MrsWhites · 14/12/2025 13:54

So everyone has a guest or someone in the family if you don’t host who will do something seemingly innocent that will piss everyone off? Who is yours and why? I’ll go first -

My sister because she uses all the gravy and doesn’t get off her arse to go and make more! No matter how much gravy we put out she will always use most of it! It’s got to the point now where we put the gravy boars furthest away from her so everyone else gets a go first!

OP posts:
ldnmusic87 · 16/12/2025 10:55

We once had a guest who didn't want to play any games, and complained if we wanted to, she only wanted to watch church livestreams.

Snakebite61 · 16/12/2025 10:59

GhislaineDeFeligondeRose · 14/12/2025 14:42

Sounds like a job for Guest be Gone

Good old Viz 🤣🤣👍

Gardenalia · 16/12/2025 11:31

I think it’s me - I make the bread sauce, then I eat all of it (well, practically)

Differentforgirls · 16/12/2025 11:39

KilkennyCats · 15/12/2025 22:12

He’s your dh’s son?? Why not just invite him to dinner?!

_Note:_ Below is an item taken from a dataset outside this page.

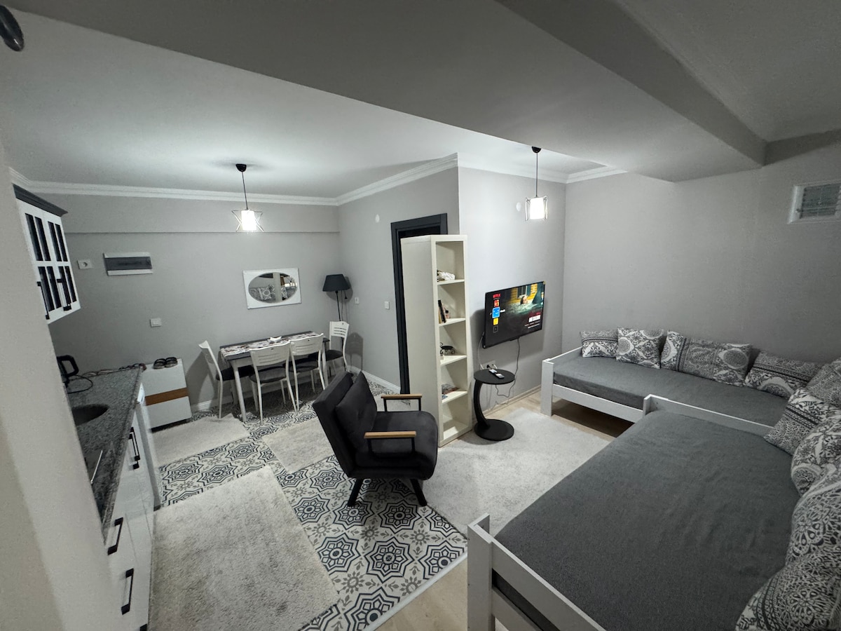 Det er en leilighet som passer for familier og par, 25 meter fra sjøen i sentrum av Mürefte. Det er ett dobbelt soverom med eget bad og et annet rom med en dobbeltseng. Det er et annet bad med vaskemaskin. Kjøleskap, oppvaskmaskin og alle grunnleggende kjøkkenutstyr er tilgjengelig på kjøkkenet. Balkongen med et bord for fire personer forbinder kjøkkenet og stuen. I stuen er det en sittegruppe for 2 personer, en for 3 personer, samt et rundt bord og en TV.

" We invited him one year and he just claimed he forgot. We waited and waited in vain, before we had ours. We found out from his brothers later that he hadn't forgotten at all, was just to windy me up"

Rescuedog12 · 16/12/2025 12:17

Milkbloo · 14/12/2025 15:16

The one who opens my kitchen cupboard and stands there gormlessly asking “ where is the English breakfast tea.” As if it’s a staple of every household. Ohhh godddddd. !

It is though.

Snowangles · 16/12/2025 12:53

@ldnmusic87

We have one of those but at least we are spared the church live stream. Why bother going somewhere else if that's all you want to do

ChocolateCinderToffee · 16/12/2025 13:15

localnotail · 16/12/2025 10:41

Are you sitting there mushing it up with your fork until it looks like its been chewed up and spat out? And then eating it? I would find it vomit inducing.
If I knew you I would have asked if you'd prefer if food comes to you already pre-mixed, like blended in a blender.

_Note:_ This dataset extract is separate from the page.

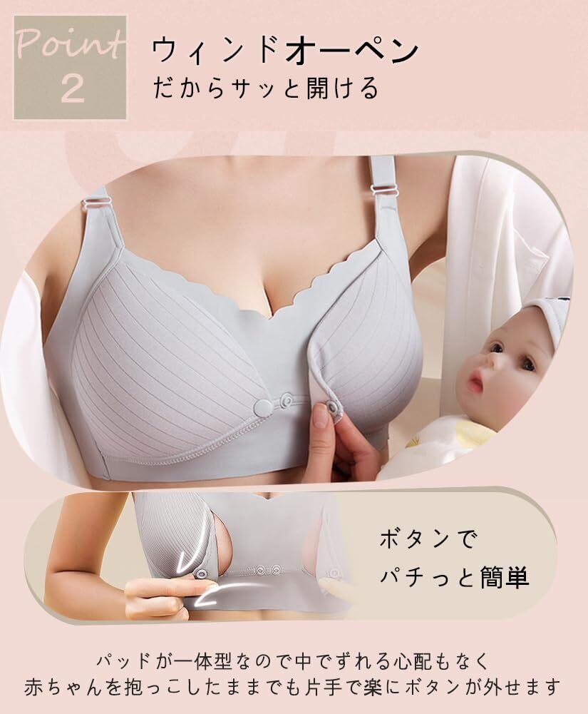 【マタニティブラ 前開き】カップだけが窓のように開くから、サッと開けて授乳できます。ブラのズレの心配も無し、一日何度も授乳するママに遠慮したデザインです。

I sat diagonally opposite a guy at a work Christmas lunch, who did this, and ended up with a crick in my neck from turning my head away.

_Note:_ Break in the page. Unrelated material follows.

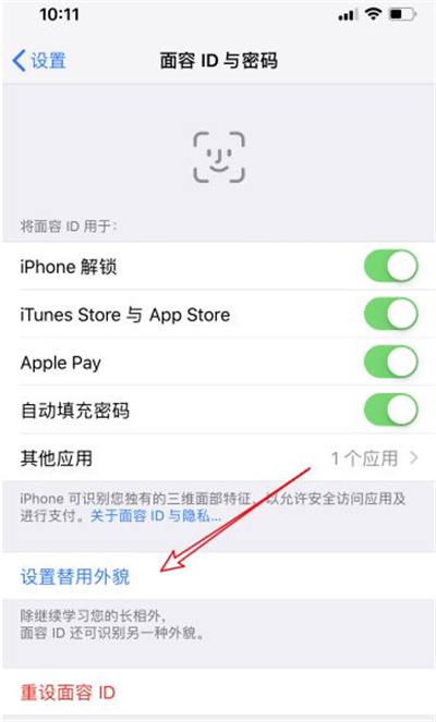 苹果11设置两个面容解锁设置步骤:「设置」-「面容ID与密码」,输入解锁密码,然后点击下方的「设置面容ID」。录入之后如果想设置第二个面容ID,只需点击「面容ID与密码」下方的「设置替用外貌」即可。

KilkennyCats · 16/12/2025 13:20

Differentforgirls · 16/12/2025 11:39

" We invited him one year and he just claimed he forgot. We waited and waited in vain, before we had ours. We found out from his brothers later that he hadn't forgotten at all, was just to windy me up"

Thank you. I must point out, though, that the bit you’ve quoted was actually added after my response.
As is actually quite clear if you read the post properly?

Differentforgirls · 16/12/2025 13:45

KilkennyCats · 16/12/2025 13:20

Thank you. I must point out, though, that the bit you’ve quoted was actually added after my response.
As is actually quite clear if you read the post properly?

It wasn't clear but I apologise. Didn't realise she'd edited.

UserNom · 16/12/2025 16:41

StrictlyAFemaleFemale · 16/12/2025 10:16

It takes longer to dry. You've got so many layers of fabric, then you double it with no space for air in between. It's much more efficient to peg trousers at the ankle, inside out if they have pockets.

Not if you peg them with the waistband open. They actually dry quicker that way than from the ankle. Physics, innit!

ETA: So you undo the zip of your jeans (say). You then peg the back waistband to the line, two pegs as wide apart as you can get them. So each side of the front waist band is flapping down. They dry much quicker that way, than upside down.

Parry5timesbeforedeath · 16/12/2025 17:00

FiredFromACannon · 16/12/2025 08:08

Mother in law who licks her fingers as she’s eating then pokes food on other people’s (ie almost always mine) plates saying ‘ohhh, that looks nice’ it’s a fucking roast potato Jane, you’ve seen them before, stop touching my food! And of course there was the memorable Christmas dinner where she would not stop talking about DH vomiting when he was a teenager, 20 years ago, despite us both getting really angry with her and telling her to stop. She’s not invited anymore.

I have an aunt like that.

Literally puts her fingers into other peoples plates.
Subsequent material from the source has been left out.